Sunday, March 29, 2009

The North Dakota Bonus

Carl Icahn, the billionaire corporate financier -- and sometime corporate take-over specialist -- has an op-ed in today's New York Times that points out "shareholder control" of public corporations is largely a myth. ["We're Not the Boss of A.I.G."]

"Under American corporate law," he writes, "share ownership does not count for much." That's why, he argues, lousy executives get showered with out-of-whack corporate salaries, perks, and bonuses like these and these and these, to take three of the latest examples.

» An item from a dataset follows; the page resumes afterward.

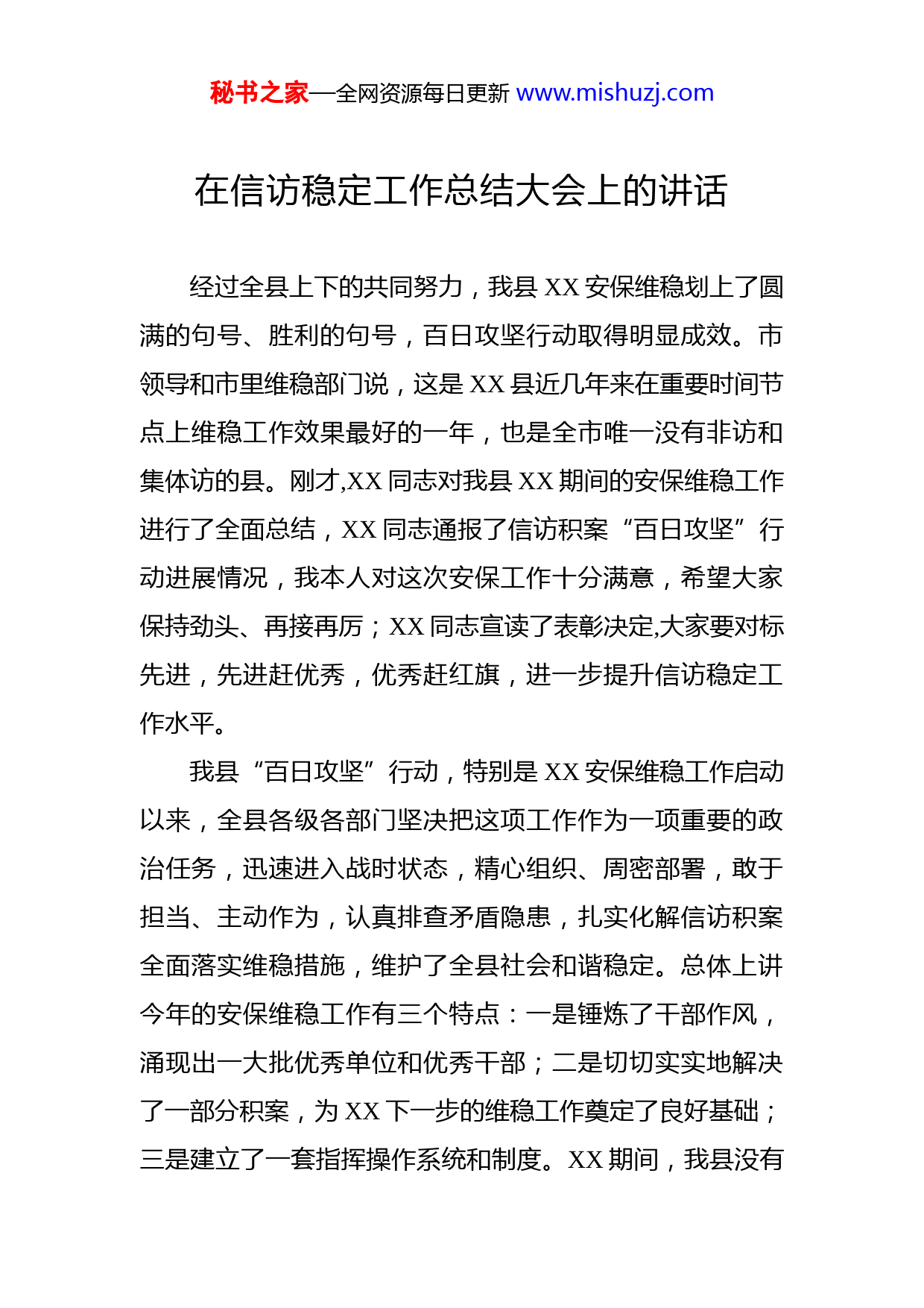 秘书之家—全网资源每日更新www.mishuzj.com在信访稳定工作总结大会上的讲话经过全县上下的共同努力,我县XX安保维稳划上了圆满的句号、胜利的句号,百日攻坚行动取得明显成效。市领导和市里维稳部门说,这是XX县近几年来在重要时间节点上维稳工作效果最好的一年,也是全市唯一没有非访和集体访的县。刚才,XX同志对我县XX期间的安保维稳工作进行了全面总结,XX同志通报了信访积案“百日攻坚”行动进展情况,我本人对这次安保工作十分满意,希望大家保持劲头、再接再厉;XX同志宣读了表彰决定,大家要对标先进,先进赶优秀,优秀赶红旗,进一步提升信访稳定工作水平。我县“百日攻坚”行动,特别是XX安保维稳工作启动以来,全县各级各部门坚决把这项工作作为一项重要的政治任务,迅速进入战时状态,精心组织、周密部署,敢于担当、主动作为,认真排查矛盾隐患,扎实化解信访积案全面落实维稳措施,维护了全县社会和谐稳定。总体上讲今年的安保维稳工作有三个特点:一是锤炼了干部作风,涌现出一大批优秀单位和优秀干部;二是切切实实地解决了一部分积案,为XX下一步的维稳工作奠定了良好基础;三是建立了一套指挥操作系统和制度。XX期间,我县没有秘书之家—全网资源每日更新www.mishuzj.com发生一起进京非访和集体访,得到了市委、市政府和市信访部门的肯定。这次信访维稳攻坚战能够取得圆满胜利,充分证明了我们的干部队伍是讲政治、顾大局的,是能打硬仗、善打硬仗的,是能经得住考验、扛得住压力的。在此,我代表县四套班子,向日夜奋战在信访维稳一线的所有同志们,表示诚挚的慰问和衷心的感谢!成绩值得肯定,问题依然存在。我们必须保持清醒,全国“两会”安保成绩是暂时的,是通过特殊手段、超常措施取得的,全县信访形势依然不容乐观,一些矛盾隐患潜在风险还有很多,维稳责任意识还需进一步强化,这些都需要引起我们的高度警惕。一是在落实维稳责任上,存在上热下冷、上紧下松的现象,压力向基层传导不够,特别是村一级,思想不重视,稳控措施不到位。比如XX,本来是可控的,就是因为包案人员思想放松、工作懈怠,没有把人看紧盯死,导致出现问题。大家一定要举一反三、汲取教训;二是部分县直部门责任意识淡薄,对系统内的隐患,排查不够全面细致,稳控措施不够坚决果断;三是政法部门在依法打击上,推诿扯皮、不敢担当、不敢出手没有硬起手腕、攥紧拳头、形成合力;四是信访部门底数不清、情况不明,不能给领导决策提供很好的依据,发现问题隐瞒不报,不敢得罪人,没有完全尽职尽责。总体上讲,县比乡重视,乡比县直部门重视,最不重视的是村一秘书之家—全网资源每日更新www.mishuzj.com级。对此,各乡镇对村支部书记和村主任工资必须建立考核办法,不能干与不干一个样。今年是新中国成立70周年,大事多、要事多,XX等重大重要会议也将在今年相继召开。可以说,信访维稳的压力比以往任何时候都要大。因此,做好今年的信访稳定工作是头等大事,各级干部不能有一丝一毫的松懈,必须时刻绷紧稳定这根弦,做到思想不松、标准不降、力度不减。下面,就进一步做好今年的信访稳定工作,我强调四点意见:第一,变被动为主动,不断加大隐患排查力度。隐患排查是做好信访稳定工作的前提和基础。但是目前,有的部门对这项工作认识不到位,排查不积极、不主动,往往临阵磨枪、急时抱佛脚,以至于底数不清、情况不明,给工作带来了被动。俗话说:“台上一分钟,台下十年功”信访工作更是如此,只有把功夫下在平时,把辖区内、部门内的隐患摸清摸透,在重要关口才不会措手不及。排查信访隐患,要突出“细、勤、调”三个字。“细”,就是紧紧围绕当前社会矛盾的新情况、新特点,深入到每一个领域、每一个行业、每一个群体,认真细致地开展矛盾纠纷排查,做到横向到边、纵向到底,不漏一人一事,真正把问题弄清楚,把情况搞明白,把影响和谐稳定的因素找出来,筑牢信访工作的第一道防线。能解决的解决,不能秘书之家—全网资源每日更新www.mishuzj.com解决的,要稳控到位。合理的要依规解决、正确解决,部分合理的,或者不具备解决条件的,要制定方案、解释明白,及时给予答复。“勤”,就是要加大隐患排查频次。信访隐患是动态的,不是静态的,这个月没问题,不一定下个月没问题,一时排查不到,就有可能酿成大矛盾。这就要求各级干部腿脚要勤,多跑基层、多问情况,随时排查、随时发现。“调”,就是加大调处力度,对发现的隐患,要逐一进行梳理归类,逐一进行分析研判,搞清问题症结,及时进行调解,随时做好应对准备。稳控是暂时措施,解决问题才是根本办法,息诉罢访才是最终目的。第二,变攻坚为常态,不断加大积案化解力度。信访问题推不掉、捂不住、躲不了。做好信访稳定工作,关键是要化解矛盾、解决问题,这既是我们工作的出发点,也是落脚点。前段时间,我们通过开展信访积案百日攻坚行动,一批久拖不决的信访问题得到有效化解。下一步,我们不仅要巩固、扩大攻坚战果,更要形成常态化的化解积案机制,不断遏制信访增量、消除信访存量。在积案化解过程中,要切实做到“三讲”,就是讲担当、讲责任、讲策略。讲担当,就是要敢于负责、敢于啃硬骨头、敢于承担最难办的问题。有很多信访积案,都是干部不敢负责、不敢担当,

The fact is, prevailing state laws almost everywhere -- except for North Dakota, it seems -- practically guarantee that corporations will be run like a banana republic, no matter who holds the shares:
The legal landscape is filled with devices designed by state legislators and courts to prevent shareholders from influencing how companies are run and so allow management free rein. Legal mechanisms known as poison pills, permitted under the laws of most states, effectively prohibit shareholders from accumulating a large position in a company or working with other large shareholders to influence the company.

Furthermore, public corporations may legally adopt a staggered board, whereby board members are grouped into classes, with each one representing about a third of the total number of directors, so that only one class comes up for election in a year.

This means that seriously shaking up a board would require at least two very expensive proxy contests over two years. And current state laws permit incumbent board members access to the corporate treasury, allowing them to spend millions of dollars, to hire lawyers and public relations firms, run ads and mail materials to prevent shareholders from adding their designees to the board of directors.
Long-standing special federal tax breaks and a willfully toothless SEC also tilt the field decidedly in favor of greedy execs and their hand-picked pals on the board.

To be sure, Icahn has a large personal interest in taking out some corporate executives. Nevertheless, we like his proposals to "re-enfranchise" shareholders by permitting "proxy access" and "say on pay."

At bottom, they are only small-d democratic reforms. By themselves, they don't eliminate executive avarice or erase the incestuous relationships that predictably grow up between board members and executives; no more so than democracy itself ensures our political leaders will be bright and honest.

But, as Eric Johnson pointed out recently, often it is enough to have "the risk of being fired by shareholders" on the minds of CEOs and board members. What's more, if corporate executives and their board member buddies keep compensation within reasonable limits, their real bonus could be they don't have to move to North Dakota.